Рябиновые бусы. Глава 5

5
  -Ах ты, чёрт! – выругался вдруг Роберт в могиле. — Мужики, подайте-ка мне там ломик! Что-то тут в земле крепко лежит…  доска какая-то!
 
   Мы все подошли к краю могилы, Васька подал Роберту ломик, которым тот сразу принялся искать край доски, и тут выяснилось, что доска очень широкая. Когда Роберт ударял ломиком сверху, раздавался треск и глухой звук, говорящий о том, что под доской было пустое пространство.

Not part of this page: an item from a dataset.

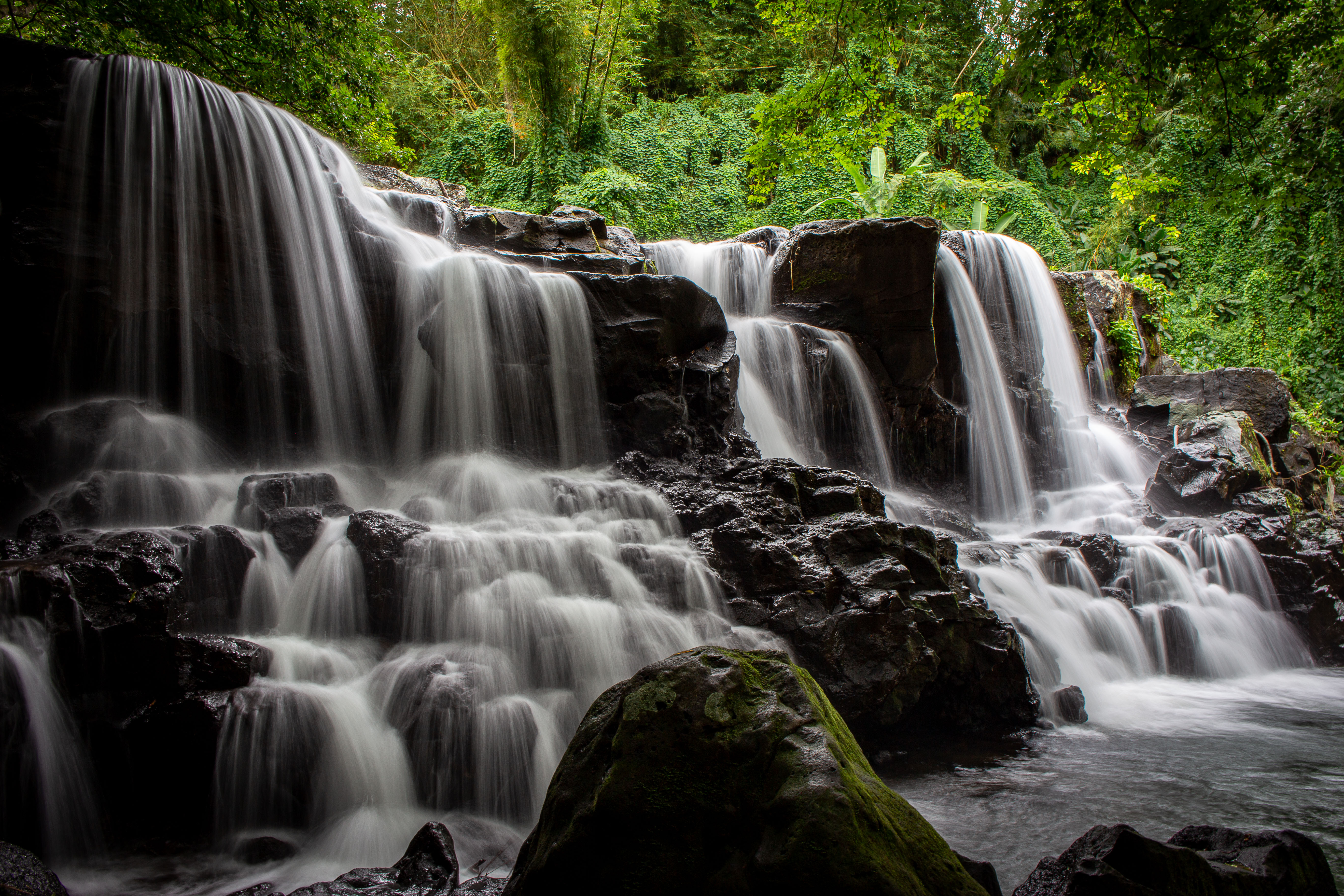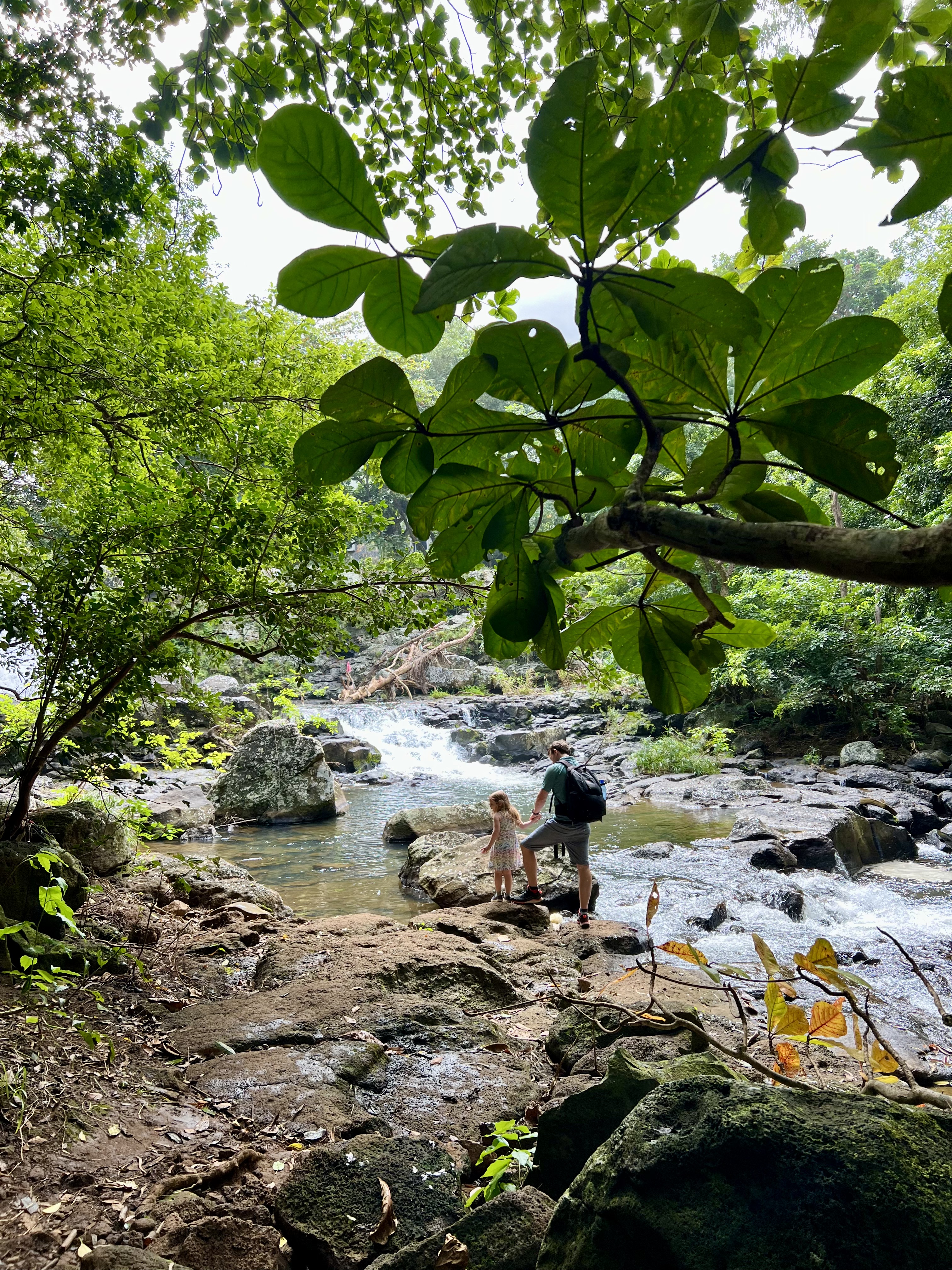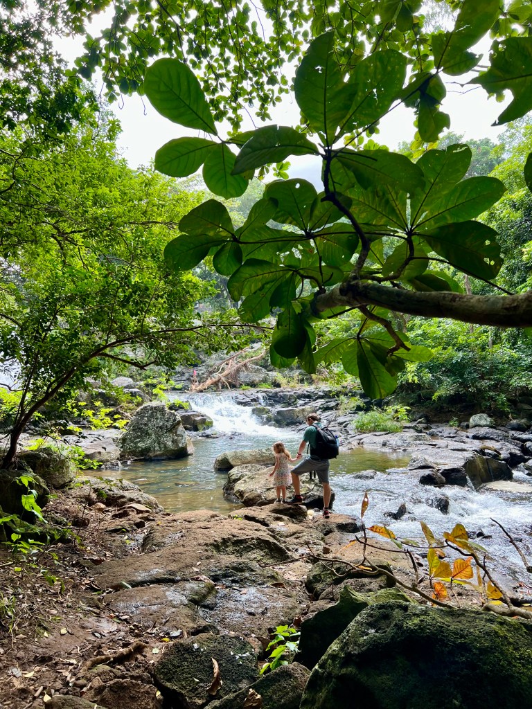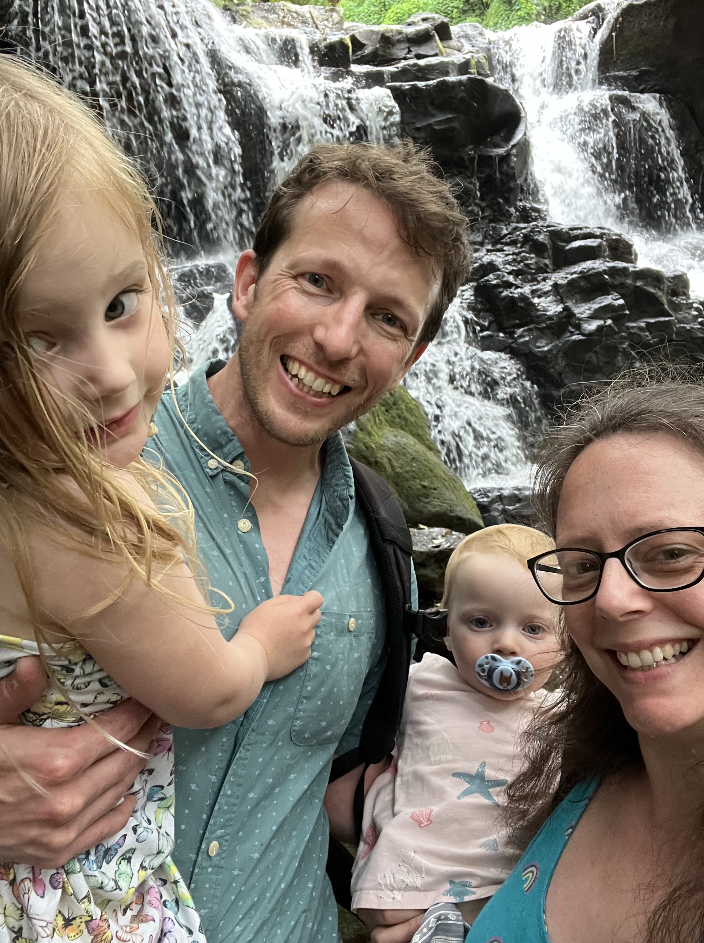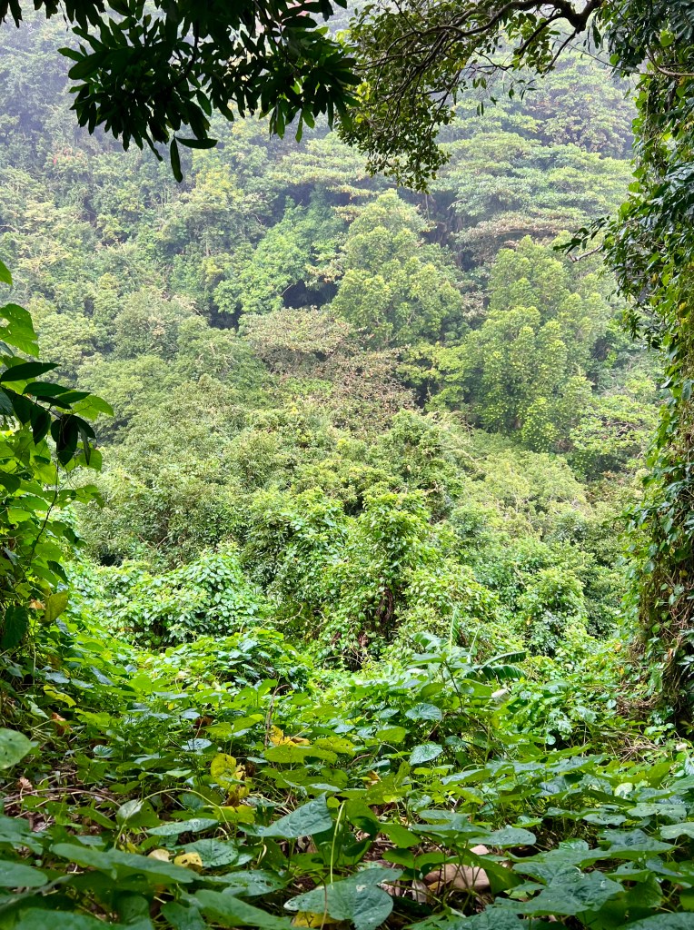 There are four waterfalls. Due to the little legs, the proximity to lunch time and the large number of mosquitoes despite ALL the bug spray, we just did the first two. The walk was very steep and slippery under foot with some super sheer drops and no fences! Occasional breaks in the dense trees revealed just how high up we were.

  — Ящик, что ли, какой?! Сантиметров сорок осталось с одной стороны снять, и тут на тебе! Что за день! — сказал Роберт, и решил не выковыривать таинственный предмет ломиком, а откопать его.  И ведь никому из нас в ту минуту даже в голову не пришло, чем оно окажется на самом деле, хотя оно вроде так естественно.
 
  — Может, клад?! Хи-хи, – пропищал Вертилян.
 
  Роберт поначалу подкапывался быстро, а потом всё медленнее и медленнее, а потом и вовсе застыл, потому что, как и ему, так и нам уже было ясно – это был гроб. Это был прогнивший гроб, под углом выступающий с левой стороны по длине могилы у самого её восточного краю сантиметров на пятьдесят. Я сразу прикинул, что если пустить луч ровно по длине этого старого гроба, то луч пересечёт нашу церковь по её длине, пройдя через главный выход, который как правило указывает на запад, и через алтарь, который находится с восточной стороны соответственно. То есть получается, что этого покойника похоронили ногами точно на восток, как и требуют того наши православные обычаи. Из чего сразу становится явным, что большая часть людей на нашем кладбище похоронена  ногами на юго-восток, то есть могилы расположены перпендикулярно  дороге, проходящей здесь с севера-востока на юго-запад. Из чего можно вновь заключить, что встарь люди делали всё с душой и ровно потому, что у них были солнце, звёзды, вода и ветер, и над всем этим Христос, а мы теперь лишь жалкие рабы дорог и предрассудков. Да и вообще, арбузы теперь красные и совсем несладкие, сливы большие, но сухие и кислые, надеюсь, что девичьи губы ещё всё так же сладки.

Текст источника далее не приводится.